Data shown:
+ + +

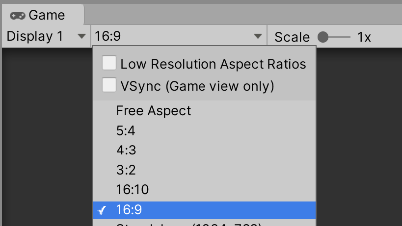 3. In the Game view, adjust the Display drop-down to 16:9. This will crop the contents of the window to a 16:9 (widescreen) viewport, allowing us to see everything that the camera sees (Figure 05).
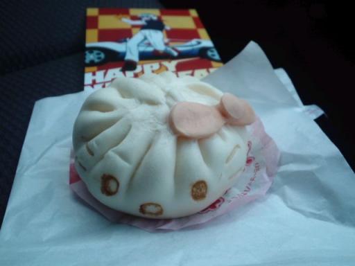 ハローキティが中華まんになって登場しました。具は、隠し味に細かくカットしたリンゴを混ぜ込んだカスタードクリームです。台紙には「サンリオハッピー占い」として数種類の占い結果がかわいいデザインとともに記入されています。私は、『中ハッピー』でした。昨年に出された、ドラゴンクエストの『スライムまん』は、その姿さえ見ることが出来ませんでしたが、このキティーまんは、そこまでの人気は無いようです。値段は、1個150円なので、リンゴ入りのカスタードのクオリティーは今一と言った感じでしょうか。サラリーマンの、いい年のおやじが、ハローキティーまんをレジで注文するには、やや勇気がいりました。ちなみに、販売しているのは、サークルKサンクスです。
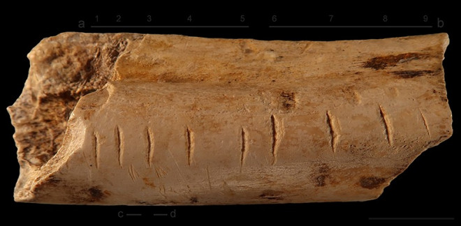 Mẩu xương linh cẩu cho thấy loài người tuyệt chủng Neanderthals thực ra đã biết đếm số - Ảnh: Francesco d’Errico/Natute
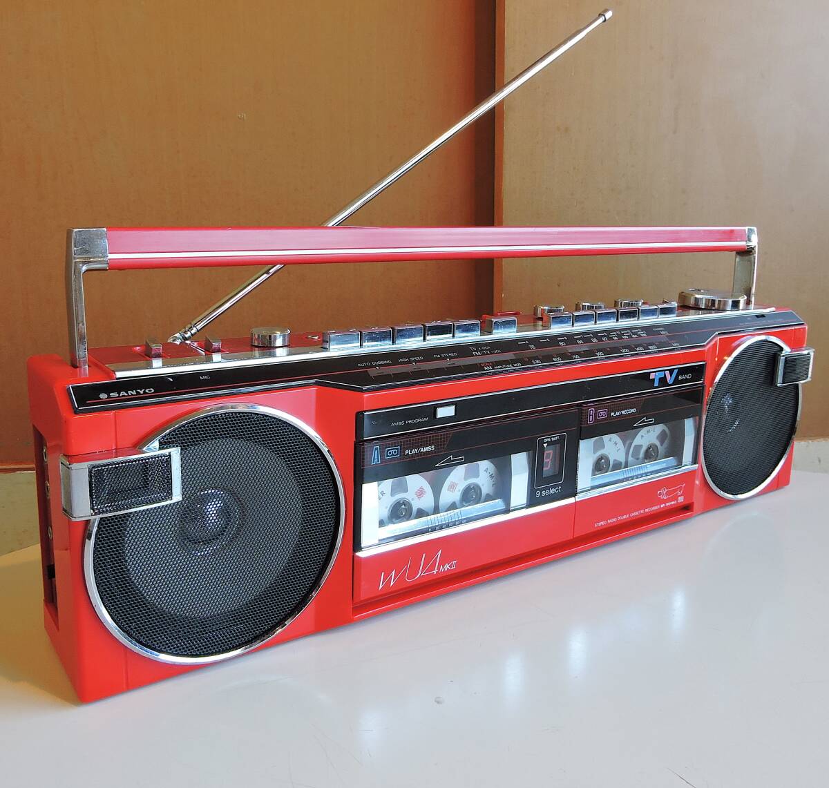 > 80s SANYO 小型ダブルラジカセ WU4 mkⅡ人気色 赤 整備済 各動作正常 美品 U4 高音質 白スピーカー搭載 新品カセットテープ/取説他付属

+ + +

Prompt: From the line holding "ハローキティが中華まんになっ" through the last line of the material above, each line should be written out exactly, both included; omit the pictures.

Problem solution:
 ハローキティが中華まんになって登場しました。具は、隠し味に細かくカットしたリンゴを混ぜ込んだカスタードクリームです。台紙には「サンリオハッピー占い」として数種類の占い結果がかわいいデザインとともに記入されています。私は、『中ハッピー』でした。昨年に出された、ドラゴンクエストの『スライムまん』は、その姿さえ見ることが出来ませんでしたが、このキティーまんは、そこまでの人気は無いようです。値段は、1個150円なので、リンゴ入りのカスタードのクオリティーは今一と言った感じでしょうか。サラリーマンの、いい年のおやじが、ハローキティーまんをレジで注文するには、やや勇気がいりました。ちなみに、販売しているのは、サークルKサンクスです。
 Mẩu xương linh cẩu cho thấy loài người tuyệt chủng Neanderthals thực ra đã biết đếm số - Ảnh: Francesco d’Errico/Natute
 > 80s SANYO 小型ダブルラジカセ WU4 mkⅡ人気色 赤 整備済 各動作正常 美品 U4 高音質 白スピーカー搭載 新品カセットテープ/取説他付属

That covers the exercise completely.